▸ **EXERCISE GOAL**: Retype, word for word, the lines from the first line of the entries through the line that holds "- Enter the"; leave out the pictures.

▸ **DATA EXTRACTS**:
──────────────────────────────
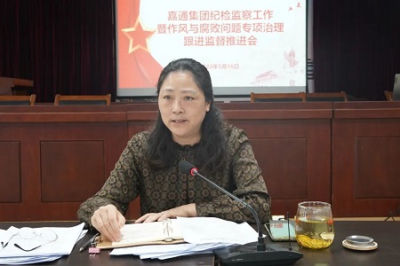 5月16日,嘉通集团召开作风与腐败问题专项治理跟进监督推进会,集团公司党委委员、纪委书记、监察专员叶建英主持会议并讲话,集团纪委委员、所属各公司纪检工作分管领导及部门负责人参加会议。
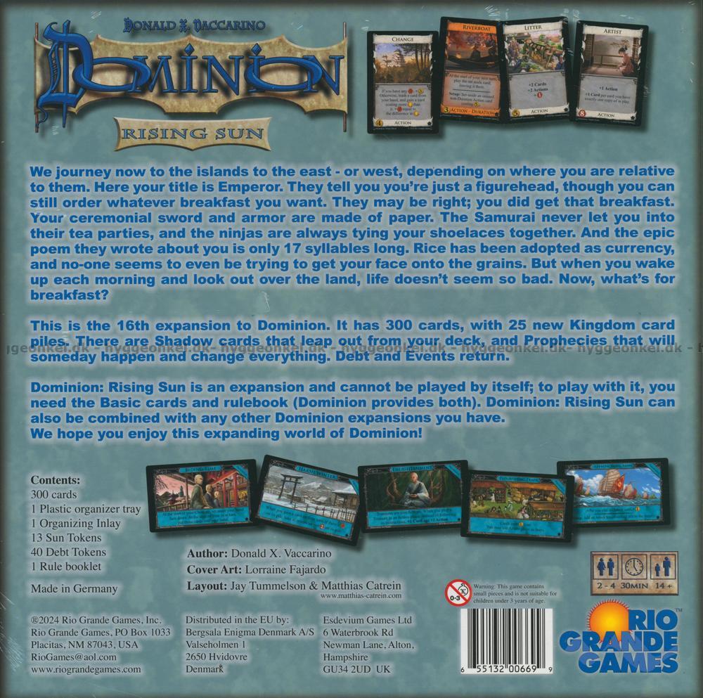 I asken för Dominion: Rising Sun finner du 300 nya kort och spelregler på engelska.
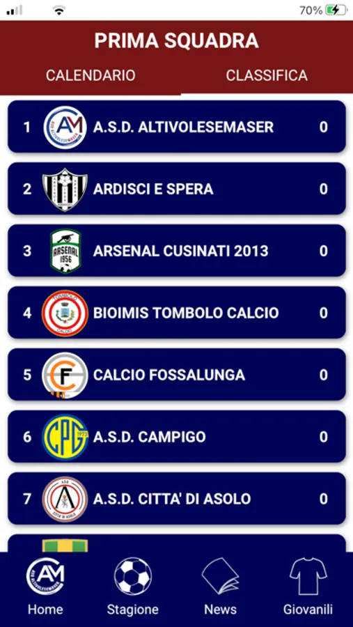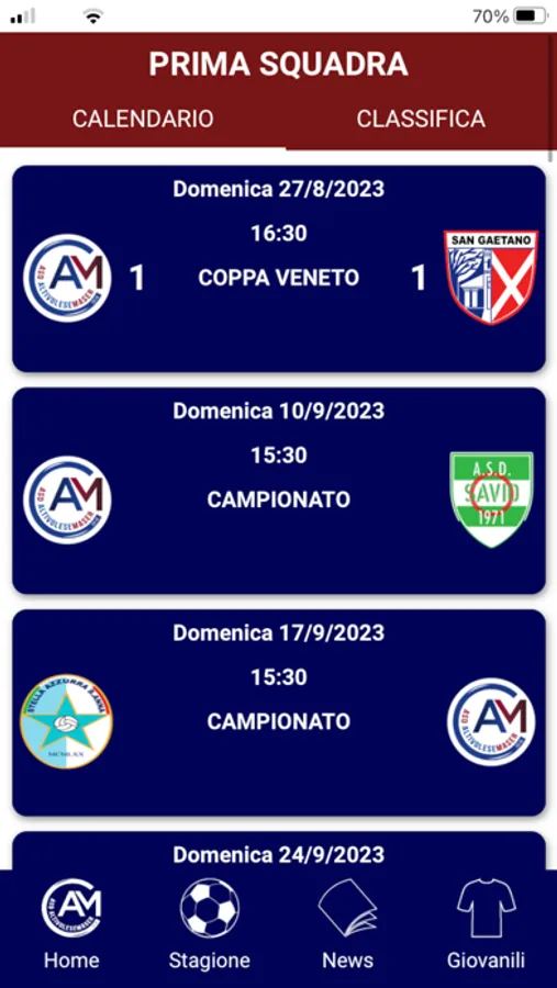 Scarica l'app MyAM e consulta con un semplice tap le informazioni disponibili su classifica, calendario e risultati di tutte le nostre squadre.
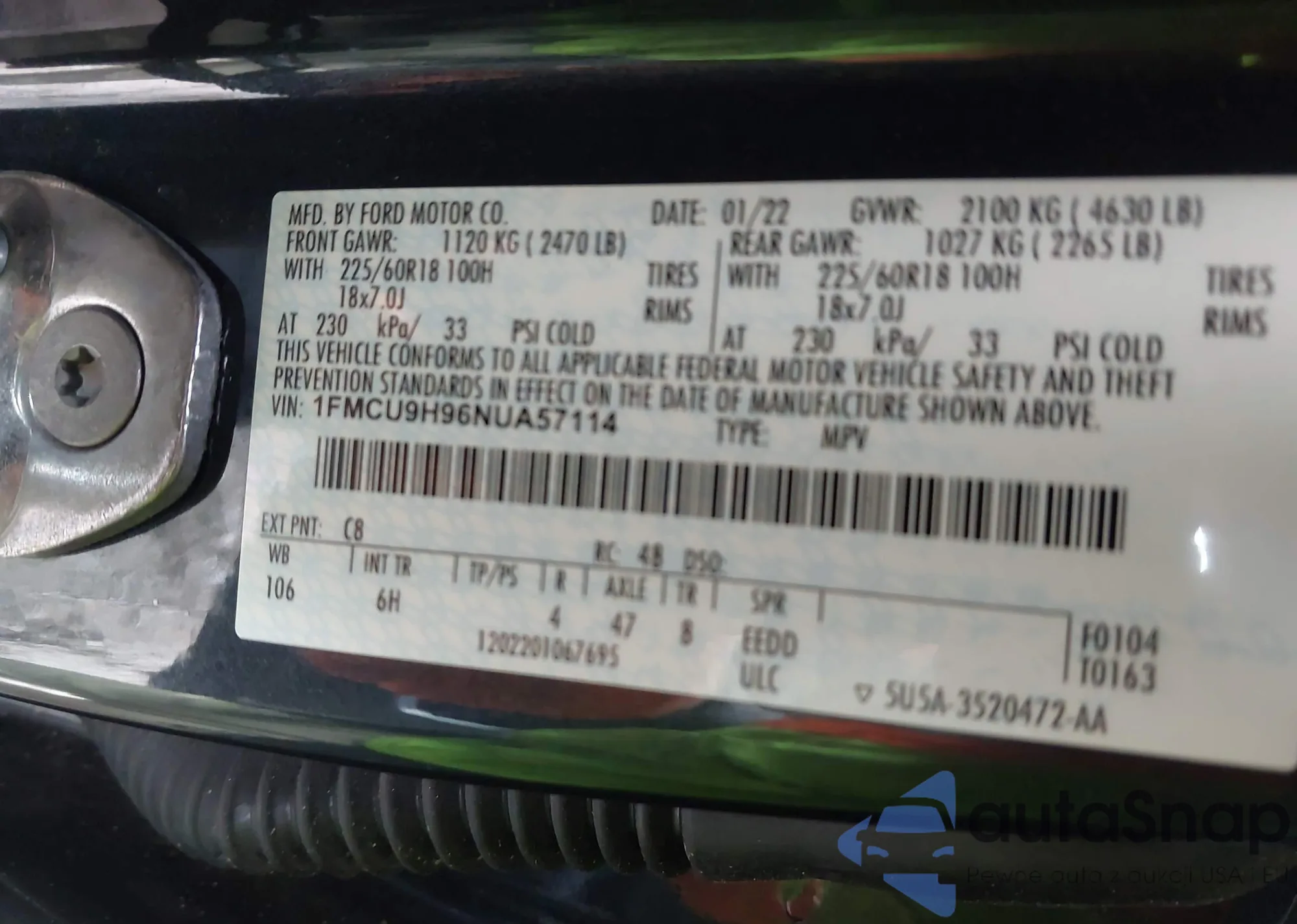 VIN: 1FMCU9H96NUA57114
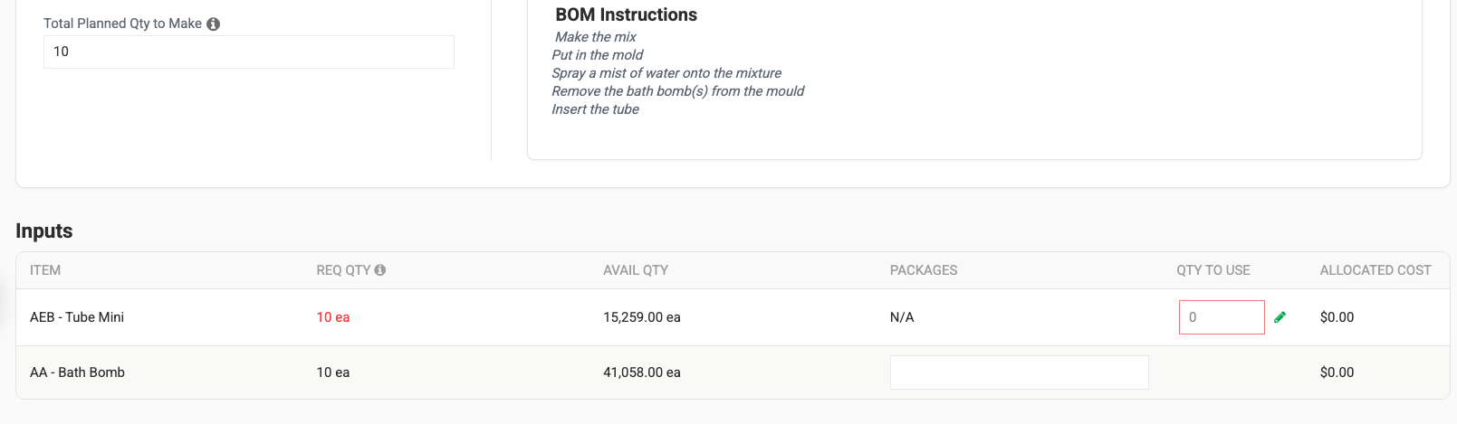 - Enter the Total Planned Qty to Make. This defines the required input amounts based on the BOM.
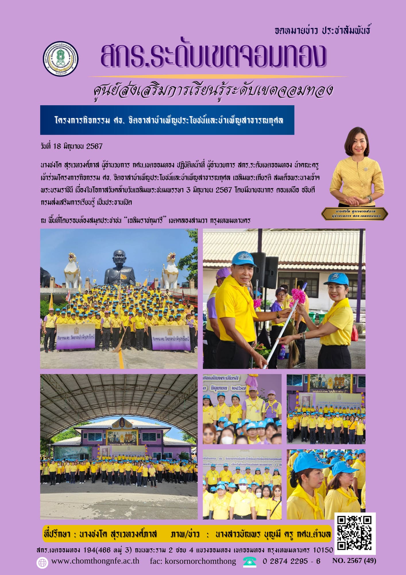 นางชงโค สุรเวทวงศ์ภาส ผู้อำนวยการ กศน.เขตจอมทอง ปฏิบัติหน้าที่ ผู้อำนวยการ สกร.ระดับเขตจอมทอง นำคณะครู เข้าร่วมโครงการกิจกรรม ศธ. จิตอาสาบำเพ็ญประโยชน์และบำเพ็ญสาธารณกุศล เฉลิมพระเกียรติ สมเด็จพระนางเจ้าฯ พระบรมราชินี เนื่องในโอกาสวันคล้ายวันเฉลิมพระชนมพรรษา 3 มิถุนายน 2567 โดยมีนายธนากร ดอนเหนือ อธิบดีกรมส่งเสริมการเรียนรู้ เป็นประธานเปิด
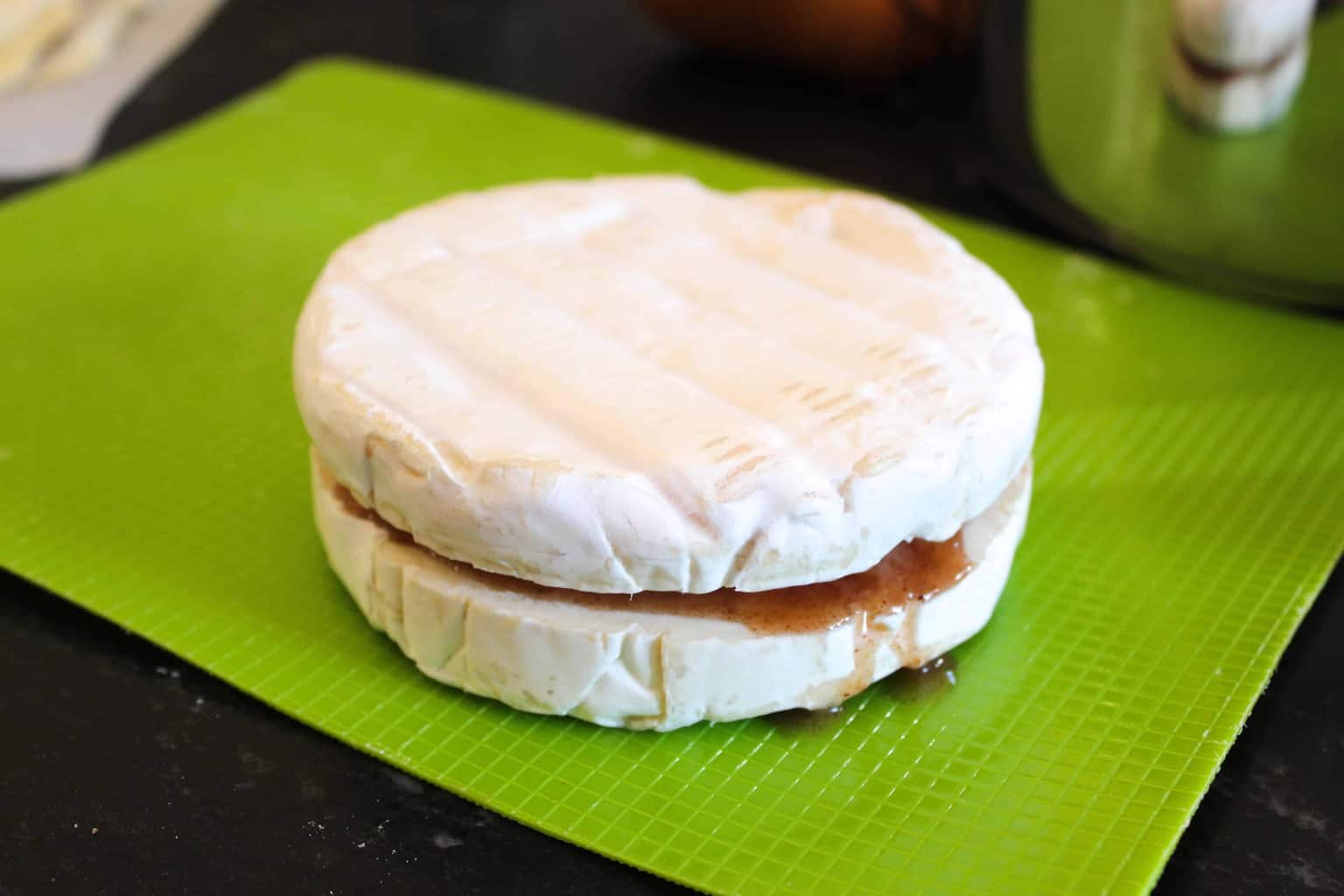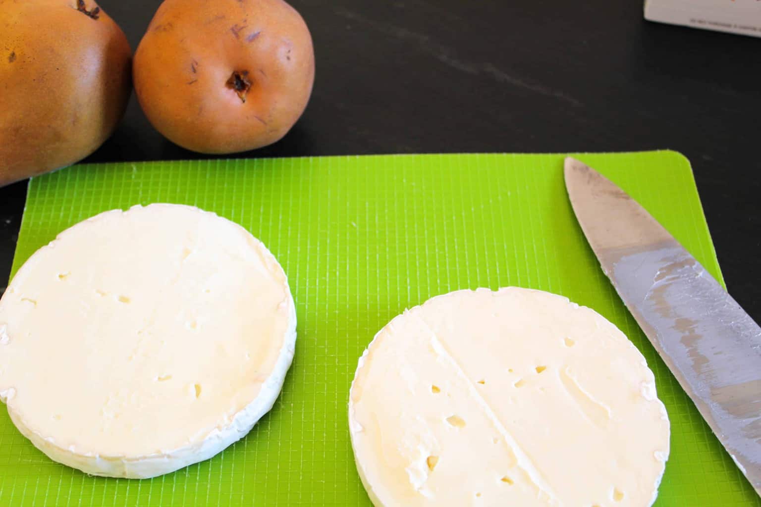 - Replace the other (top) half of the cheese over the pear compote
──────────────────────────────
▸ **COMPLETED EXERCISE**:
 5月16日,嘉通集团召开作风与腐败问题专项治理跟进监督推进会,集团公司党委委员、纪委书记、监察专员叶建英主持会议并讲话,集团纪委委员、所属各公司纪检工作分管领导及部门负责人参加会议。
 I asken för Dominion: Rising Sun finner du 300 nya kort och spelregler på engelska.
 Scarica l'app MyAM e consulta con un semplice tap le informazioni disponibili su classifica, calendario e risultati di tutte le nostre squadre.
 VIN: 1FMCU9H96NUA57114
 - Enter the Total Planned Qty to Make. This defines the required input amounts based on the BOM.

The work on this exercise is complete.